* [Extracted information]
....................
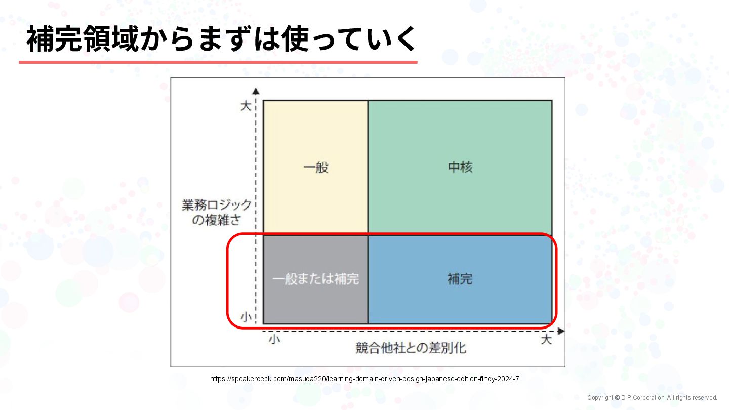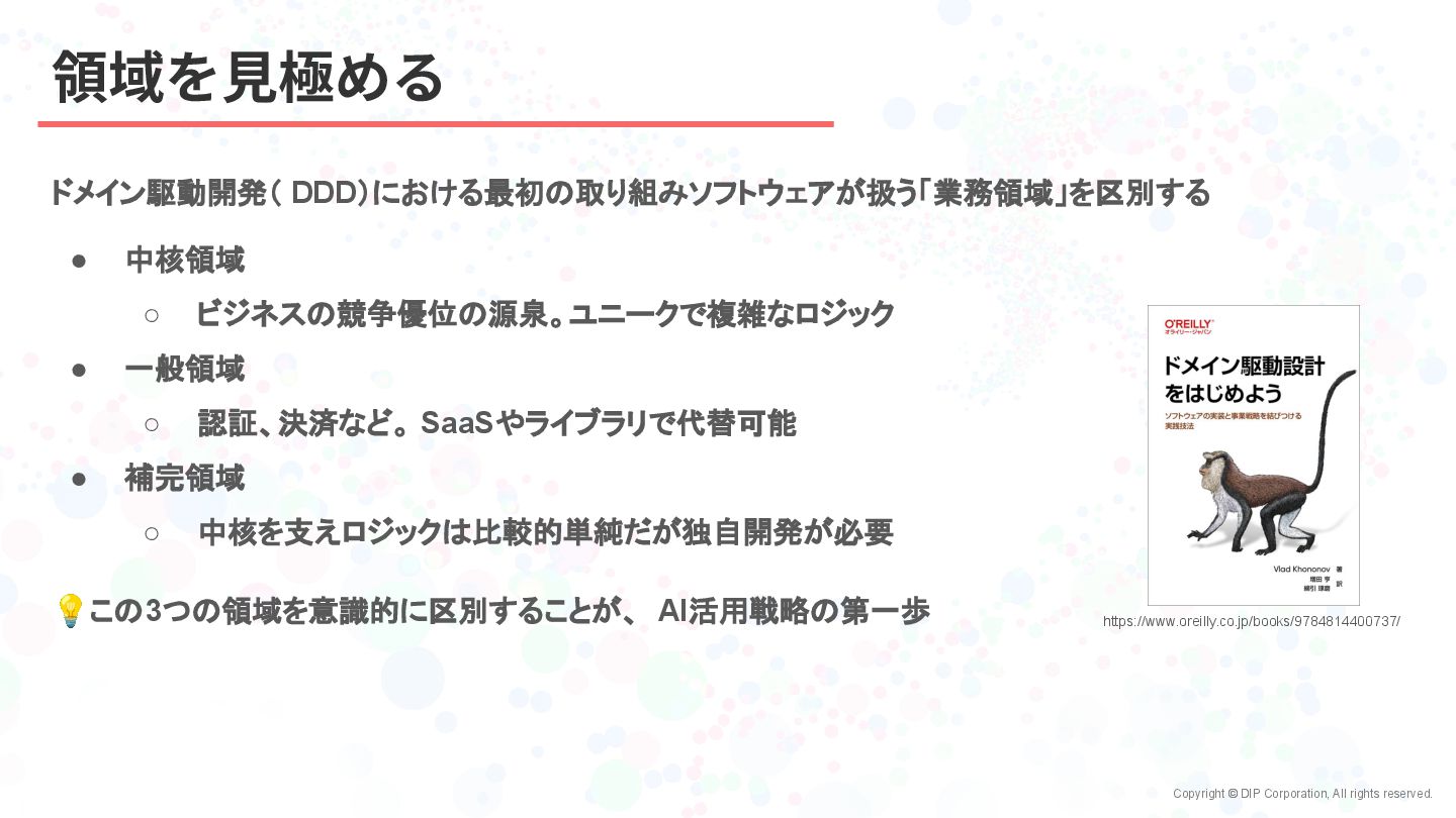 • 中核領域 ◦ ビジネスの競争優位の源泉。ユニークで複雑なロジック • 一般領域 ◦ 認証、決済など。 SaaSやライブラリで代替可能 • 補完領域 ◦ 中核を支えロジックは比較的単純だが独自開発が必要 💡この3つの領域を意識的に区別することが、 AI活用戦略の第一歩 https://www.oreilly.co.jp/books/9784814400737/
....................
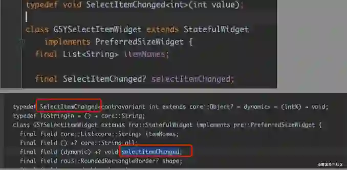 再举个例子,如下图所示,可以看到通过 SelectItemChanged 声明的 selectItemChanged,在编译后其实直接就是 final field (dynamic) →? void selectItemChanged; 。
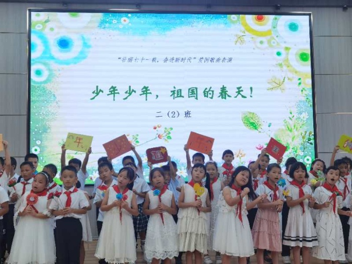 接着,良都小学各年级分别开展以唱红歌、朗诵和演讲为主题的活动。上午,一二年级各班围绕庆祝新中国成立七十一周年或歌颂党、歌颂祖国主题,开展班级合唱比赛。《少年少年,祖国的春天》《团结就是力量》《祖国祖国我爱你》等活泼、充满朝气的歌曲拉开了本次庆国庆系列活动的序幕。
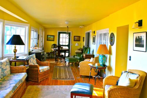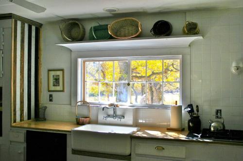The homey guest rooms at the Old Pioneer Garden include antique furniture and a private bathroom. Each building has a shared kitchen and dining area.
....................
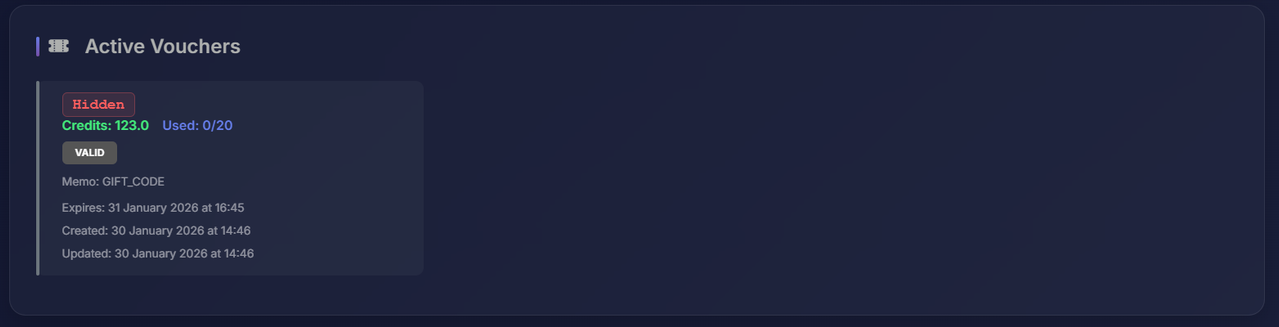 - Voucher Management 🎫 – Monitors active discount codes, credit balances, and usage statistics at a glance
....................
* [Your objective] Range to copy from the records above: the line containing "接着,良都小学各年级分别开展" to the line containing "The homey guest", both included. Output those lines exactly and only those, skipping pictures.

* [Your response]
 接着,良都小学各年级分别开展以唱红歌、朗诵和演讲为主题的活动。上午,一二年级各班围绕庆祝新中国成立七十一周年或歌颂党、歌颂祖国主题,开展班级合唱比赛。《少年少年,祖国的春天》《团结就是力量》《祖国祖国我爱你》等活泼、充满朝气的歌曲拉开了本次庆国庆系列活动的序幕。
The homey guest rooms at the Old Pioneer Garden include antique furniture and a private bathroom. Each building has a shared kitchen and dining area.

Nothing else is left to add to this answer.